TaxProf Blog

Editor: Paul L. Caron, Dean
Pepperdine University School of Law

Friday, August 19, 2016

NY Times, WSJ: Race Is On For Valuation Discounts In Family Limited Partnerships Before Effective Date Of New Regulation

DiscountsFollowing up on my previous post, Treasury Issues Proposed Regs To Limit Valuation Discounts For Fractional Interests

New York Times:  Treasury Wants to End Tax Deal for Some Family-Owned Businesses, by Paul Sullivan:

The Treasury Department has moved a step closer to tightening the way family limited partnerships are valued for tax purposes. And the prospect that the tax code could be changed by the end of this year has tax planners pushing their clients to consider stepping up estate and business planning, or risk paying more taxes.

Earlier this month, the Treasury Department issued “proposed final regulations” to eliminate a provision in the tax code that effectively allows wealthy people to greatly discount the value of shares in a family limited partnership given to family members. These partnerships are able to own assets like family business, real estate and securities.

The discount, which has been allowed since the 1990s, is granted for what is considered a lack of marketability for minority shares in these partnerships. If a family member, for example, wanted to sell his or her share in a partnership that was entirely owned by other family members, the pool of buyers might well be limited to his or her relatives. They might not have the money — or desire — to buy him out.

This provision, contained in section 2704 of the Internal Revenue Code, has been abused by aggressive tax planners and lawyers who used the discount, sometimes as high as 40 percent, and applied it to partnerships that contained marketable securities or other assets that could otherwise be easily valued and sold. ...

Tax experts do not rule out that these new regulations, although labeled final, could be changed in the comment period. Their enactment, which is set for 30 days after they become final, could also be delayed. At the earliest they would take effect on Dec. 31.

Still, predicting when the regulations will take effect is beyond people’s control and could be risky for those who would benefit from a family partnership.

“There is no mulligan,” said Mark Parthemer, senior fiduciary counsel at Bessemer Trust. “If a family is considering doing some tax planning and they’re putting it off to next year, they can’t go back in time and take advantage of the discounts.”

Some planners are drawing parallels to the fourth quarter of 2012, when wealthy people scrambled to make gifts under what was then a $5.12 million exemption for individuals. The rush was generated by the fear that the Obama administration would abolish or greatly reduce the exemption in 2013. Instead, the government kept it in place, with an annual increase for inflation.

For the very wealthy, there is good reason to set up a family limited partnership by the end of the year. The discounting, for example, can turn a $10 million gift into $6.5 million for tax purposes.

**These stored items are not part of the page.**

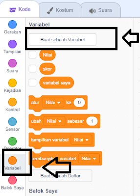 3. Kembali klik menu kode di samping menu latar (bagian kiri atas). Kita akan menambakan sprite dengan klik pilih sprite dan pilih unggah sprite. Untuk berlatih kita akan menggunakan empat sprite terlebih dahulu silahkan pilih keranjang sayur, keranjang buah, 1 buah dan 1 sayur. Unggah semua sprite atau kita dapat menambahkan satu persatu sprite yang kita miliki.
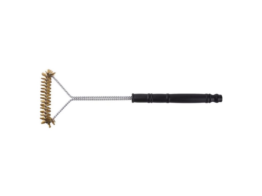Mosadzná kefa na čistenie grilu slúži na odstránenie nečistôt z grilovacieho roštu. Má čiernu plastovú rúčku pre lepšie uchopenie. Na nej je umiestnená valcová kefa. Vďaka štetinám kefy vyrobeným z mosadze sa nemusíte báť prípadného poškodenie alebo poškriabania grilovacieho roštu.
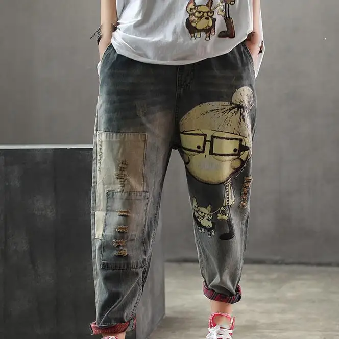 21 Women Spring Autumn Fashion Baggy Jeans Vintage Cartoon Doglittle Denim Jeans Mid Female Casual Frayed Harem Pants From Guchen3 27 Dhgate Com

Wall Street Journal Tax Report: The Controversial Way Wealthy Americans Are Lowering Their Estate Taxes, by Laura Saunders:

Ronald Aucutt, an estate-tax lawyer with McGuireWoods LLP in Washington, says that in some cases families simply wait until three years after the original owner’s estate-tax return is filed and the statute of limitations for an audit expires. Then they dissolve the holding company and divide up the assets, having bypassed tax on a large chunk of market value. “This drives the IRS crazy,” he says.

The proposed changes in the rules would allow the IRS to ignore many discounts in entities where they currently apply and collect far more estate or gift tax. In addition, the IRS could disallow even more discounts if a taxpayer dies within three years after making certain gifts. Mr. Aucutt thinks the Treasury Department and IRS have the authority to make such changes.

Critics of the changes call them far too broad. “This is an example of Treasury overstepping its bounds,” says John Porter, an attorney with Baker Botts in Houston, who has won landmark court cases involving discounts.

Mr. Porter points out that the proposed changes apply to nearly all family-controlled entities, even those holding operating businesses. “If these rules go through in current form, business owners are going to be taxed on value they may not have, or have access to,” he says. He expects a court challenge unless there are substantial revisions to the rules.

Experts say it is unclear whether revisions are likely, or what they might be. The Treasury and the IRS are accepting comments on the proposals, and a hearing is scheduled for Dec. 1. Some think the administration will push to finish them before a new president takes office.

There is a window of opportunity for people who have or want to have entities with valuation discounts, because the most important changes won’t take effect until 30 days after the rules are made final.